= Philoi =

Ancient Greek social role

Philoi (φίλοι; φίλος philos) is a word that roughly translates to 'friends'. This type of friendship is based on the characteristically Greek value for reciprocity as opposed to a friendship that exists as an end to itself.

== Characteristics ==

=== Reciprocity ===
There is no exact translation for philoi other than the word 'friend' (separate from xenoi, or 'guest-friends', often used to describe a stranger one is kind or respectful to). The meaning of the word philoi is deeply rooted in the concept of reciprocity; encompassing the exchange of favors and support, in addition to a profound sense of duty to each other. Philoi typically encompassed family members foremost, with the addition of friends or members of society with whom obligations, loyalty or other established ties existed.

== Greek value-system ==
Within the Greek value-system there was an explicit distinction between friends (philoi) and enemies (echthroi), and further, a prevalent and constant awareness of both how to treat and one can expect to be treated by each. In fact, every member of society could be classified into three distinct groups: philoi, people one owed obligations to and from whom favors were returned, echthroi, those to whom one was hostile and from whom they expected hostility, and medeteroi, outsiders who fall under neither category and to whom no one owed anything.
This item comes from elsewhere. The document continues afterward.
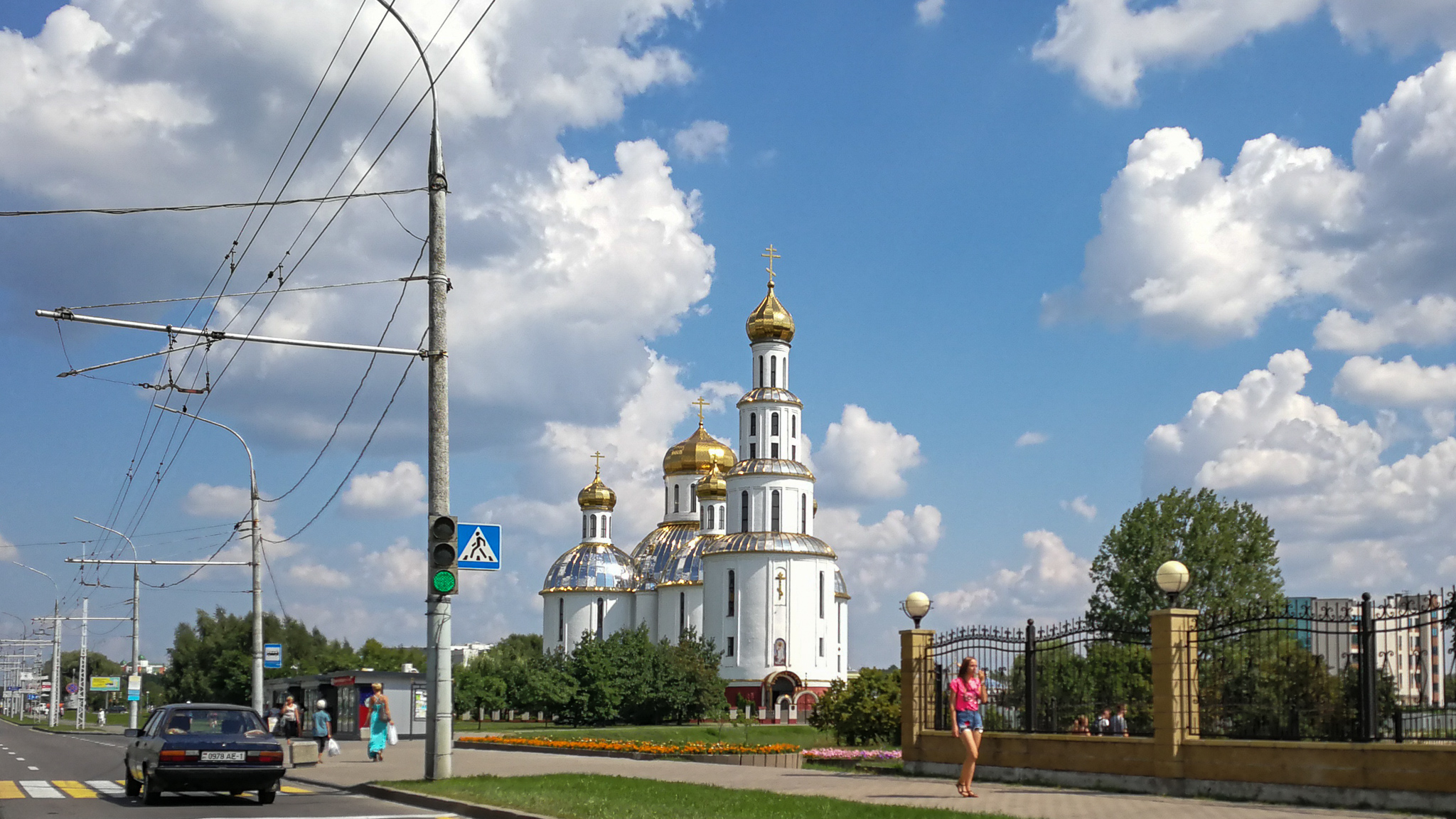 Brest, Belarus

Such classifications are rooted in a fundamental belief in the principle of reciprocity, which continually reinforced that the man's duty was to aid his friends and to inflict damage onto his enemies. Further, there was great pride associated with not only helping philoi but also in harming one's echthroi, and the importance of fulfilling these two duties to upload an overarching, strict friend-enemy dichotomy is manifested in a variety of other aspects in Greek life, including literature, theatre and in court.

== Philoi in court ==
The importance of the philoi's role, in particular within a larger cultural system that polarizes the philoi and echthroi, is evident in trial processes in Ancient Greek courts. Trials sought to establish a winning and losing party instead of necessarily achieving a balanced, even-handed verdict. Contributing to this was the importance of witnesses in the Athenian courts despite never being cross-examined. Witnesses were oftentimes chosen not by who would be the most impartial, but instead close philoi of those involved. Thus, the average Athenian man's dependence on his philoi permeated even trial proceedings and outcomes, and as described by Isaeus in On the Estate of Pyrrhos: "You all know that when we are acting without concealment and need witnesses, we normally make use of our close relatives and intimate friends as witnesses of such actions."

== Women ==
With the exception of festivals, women had limited roles outside of the home and therefore had finite opportunities to cultivate reciprocal relationships with their philoi and echthroi in the same way men in Greece did. As a result, the woman's philoi consisted solely of those in her own home.

== In literature ==
The practice of reciprocal obligation amongst philoi and overarching strict friend-enemy dichotomy characteristic of Greek value-systems manifest themselves in Homeric heroes such as Agamemnon and Achilles in Homer's Iliad. The prevalence of warfare in which heroes compete against each other to prove their superiority evidences this dichotomy; that there must be two explicit opposing sides, and both parties must act in accordance to their duty to harm one another, typically in a public display.

== In philosophy ==
This definition of philoi is cemented in and often discussed in various philosophical works from this time too, and in particular those of Aristotle. In Nicomachean Ethics, Aristotle writes that "to be friends, then, they must be mutually recognized as bearing goodwill and wishing well to each other," indicating that a philoi is characterized by not necessarily fondness for someone, but a concern for one another that is assuredly reciprocated. He explains that people inherently are fond of those who treat them well or who they believe have the intention, and further, that people usually love those who hate the same people they do, hence the need for philoi on your side, as opposed to the echthroi's side, who will defend you. Aristotle writes that "friendship is likened to one's love for oneself" but that philoi nonetheless exist "for the sake of some use to be made of him," so they appear to serve both self-serving and altruistic intentions.

== Macedonia ==
In ancient Macedonia, philoi was a title to the royal friends, advisors of the king (basileus). They were the personal choice of the king and they might have come from anywhere in the Greek world. The title became common among the Hellenistic kingdoms after Alexander the Great's empire was partitioned to be ruled by the diadochi. In the Seleucid Empire a number of ranks can be traced; Protoi Philoi, First Friends and Timomenoi Philoi, Honoured Friends organized in various orders. In inscriptions the phrase the King, his Friends and the army signifies their important role. Still, "friend" appeared to be the lowest rank of nobility in the Seleucid and Ptolemaic aristocracies; while an important honor, it could be handed out more freely to the king's supporters, including non-Greeks unlikely to be given a higher rank.